8.2 DeepSeek Sparse Attention (DSA)
Introduced in DeepSeek V3.2, DeepSeek Sparse Attention addresses long-context inference through a hierarchical two-stage pipeline. The first stage, called the Lightning indexer, performs a coarse scan over the full context to identify which segments are most relevant to the current query. The second stage applies fine-grained token-level attention only within the selected segments. This two-stage approach reduces inference compute by approximately 70% for long contexts while maintaining quality comparable to full attention.
TTT and DeepSeek Sparse Attention are active research topics that are not yet widely available in standard serving frameworks. They represent the frontier of KV cache optimization and may become standard in future systems. For production deployments today, PagedAttention with GQA and FP8 KV cache quantization provides the best combination of throughput and compatibility.
Check Your Understanding
1. For Llama 3.1 70B with 80 layers, 8 KV heads, and head_dim=128, how much KV cache memory (in GB, FP16) does a single sequence at 32K context require?
Show Answer
2. How does PagedAttention eliminate memory fragmentation?
Show Answer
3. If a model uses GQA with 32 query heads and 8 KV heads, by what factor is the KV cache reduced compared to standard MHA?
Show Answer
4. Why does continuous batching provide the largest throughput improvement when output sequence lengths are highly variable?
Show Answer
Key Takeaways
- The KV cache can exceed model weight memory at large batch sizes and long contexts.

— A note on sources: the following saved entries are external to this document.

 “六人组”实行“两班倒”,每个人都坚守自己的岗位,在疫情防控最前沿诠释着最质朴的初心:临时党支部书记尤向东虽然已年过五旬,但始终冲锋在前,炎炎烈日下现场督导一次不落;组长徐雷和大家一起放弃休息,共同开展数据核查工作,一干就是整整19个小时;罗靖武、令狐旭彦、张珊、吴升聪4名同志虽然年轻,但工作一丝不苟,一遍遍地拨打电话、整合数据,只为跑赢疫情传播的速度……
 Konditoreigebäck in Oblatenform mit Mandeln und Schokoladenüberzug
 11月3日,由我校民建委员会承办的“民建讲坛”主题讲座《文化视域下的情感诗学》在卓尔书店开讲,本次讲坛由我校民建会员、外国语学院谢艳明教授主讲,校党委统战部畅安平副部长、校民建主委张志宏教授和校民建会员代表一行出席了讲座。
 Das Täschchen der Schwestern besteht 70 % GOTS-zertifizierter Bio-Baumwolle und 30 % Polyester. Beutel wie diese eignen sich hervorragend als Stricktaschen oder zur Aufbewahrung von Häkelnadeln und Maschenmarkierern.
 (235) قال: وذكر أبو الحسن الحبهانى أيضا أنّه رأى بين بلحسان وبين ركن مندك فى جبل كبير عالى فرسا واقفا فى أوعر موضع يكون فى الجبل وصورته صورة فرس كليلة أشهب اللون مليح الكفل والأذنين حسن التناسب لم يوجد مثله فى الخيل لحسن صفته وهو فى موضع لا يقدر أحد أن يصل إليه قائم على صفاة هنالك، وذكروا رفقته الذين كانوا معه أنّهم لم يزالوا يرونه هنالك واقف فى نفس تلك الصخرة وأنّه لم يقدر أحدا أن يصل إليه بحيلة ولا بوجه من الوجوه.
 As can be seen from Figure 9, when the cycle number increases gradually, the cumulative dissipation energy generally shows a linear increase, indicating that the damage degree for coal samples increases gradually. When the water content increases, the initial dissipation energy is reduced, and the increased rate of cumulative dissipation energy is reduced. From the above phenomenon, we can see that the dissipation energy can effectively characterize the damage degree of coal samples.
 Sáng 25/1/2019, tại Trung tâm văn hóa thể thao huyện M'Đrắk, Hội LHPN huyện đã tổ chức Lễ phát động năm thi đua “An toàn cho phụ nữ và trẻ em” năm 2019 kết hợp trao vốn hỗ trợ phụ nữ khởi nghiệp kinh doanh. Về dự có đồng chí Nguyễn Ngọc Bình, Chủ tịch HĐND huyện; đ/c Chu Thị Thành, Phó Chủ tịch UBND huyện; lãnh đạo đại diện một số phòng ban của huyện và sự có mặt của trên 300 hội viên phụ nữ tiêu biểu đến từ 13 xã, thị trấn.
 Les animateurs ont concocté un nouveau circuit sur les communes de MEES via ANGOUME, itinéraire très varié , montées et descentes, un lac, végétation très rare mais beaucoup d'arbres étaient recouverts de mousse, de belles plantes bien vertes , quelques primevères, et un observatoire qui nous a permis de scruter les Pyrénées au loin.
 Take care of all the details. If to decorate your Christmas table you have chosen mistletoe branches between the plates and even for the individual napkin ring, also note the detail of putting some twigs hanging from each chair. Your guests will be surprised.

For Llama 3.1 70B, a batch of 64 at 8K context needs 160 GB of KV cache alone.
- PagedAttention uses block-based allocation (like OS virtual memory) to eliminate fragmentation and enable cross-request memory sharing.
- GQA reduces the KV cache by sharing KV heads across query head groups. Llama 3 uses 8 KV heads for 32 query heads, a 4x reduction.
- Prefix caching (RadixAttention) avoids recomputing KV for shared system prompts, providing 2x to 5x speedup for prefix-heavy workloads.
- Continuous batching fills freed slots immediately with new requests, achieving 2x to 10x throughput over static batching.
- KV cache quantization to FP8 halves cache memory with minimal quality impact.
- TTT and DeepSeek Sparse Attention represent research frontiers that compress or sparsify the cache for extreme context lengths.